November 19, 2007 By: kch Category: Training Plans 5 Comments →

Today I started training for my next half marathon, which I think is going to be either the Platte River Half Marathon (probably in early April, although there’s no date listed on the website yet) or the Colfax Half Marathon on May 18, 2008.

For the past couple of years, I’ve been following the FIRST training plan, but this time, I’ve decided to shake things up a bit and follow the plan in Matt Fitzgerald’s most recent book, Brain Training For Runners.

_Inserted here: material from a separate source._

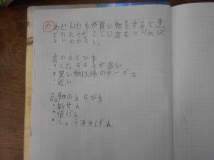 3年1組では社会科の時間、「買い物する時に、どのようなことに気をつけるか。」について話し合っていました。お店の選び方から品物の選び方まで、3年生なりに厳しい消費者の目線で考えていました。

The book features 3 different half marathon training plans - Level 1, 2, and 3. I’m going to follow the level 2 plan, which calls for 5-6 runs per week and long runs up to a maximum of 14 miles. All of the plans are 20 weeks long, separated into 4 phases: base training for 6 weeks, a ‘build 1′ phase lasting 4 weeks, a ‘build 2′ phase lasting 4 weeks, and a 6 week ‘peak’ phase, the last week of which is a taper week.

There are a lot of similarities between the FIRST plan and the Brain Training For Runners plan - both call for 3 key workouts a week, and both emphasize training at specific paces. However, Brain Training For Runners calls for quite a bit more total distance per week.

The Brain Training For Runners plan also suggest that you focus on a different proprioceptive cue each week to help you improve your form. My cue this week is “falling forward” which is supposed to help prevent overstriding and give you the feeling that gravity is pulling you forward. The program also includes suggested core training, power training, and flexibility exercises.

I’m really looking forward to trying out this new plan - I’m hoping the extra mileage and the power training workouts - neither of which of done enough of in the past - will help me get a PR in my next race. Stay tuned in the coming weeks and I talk about how the new plan is going for me.

So, what are your plans for training through the winter and for your next race?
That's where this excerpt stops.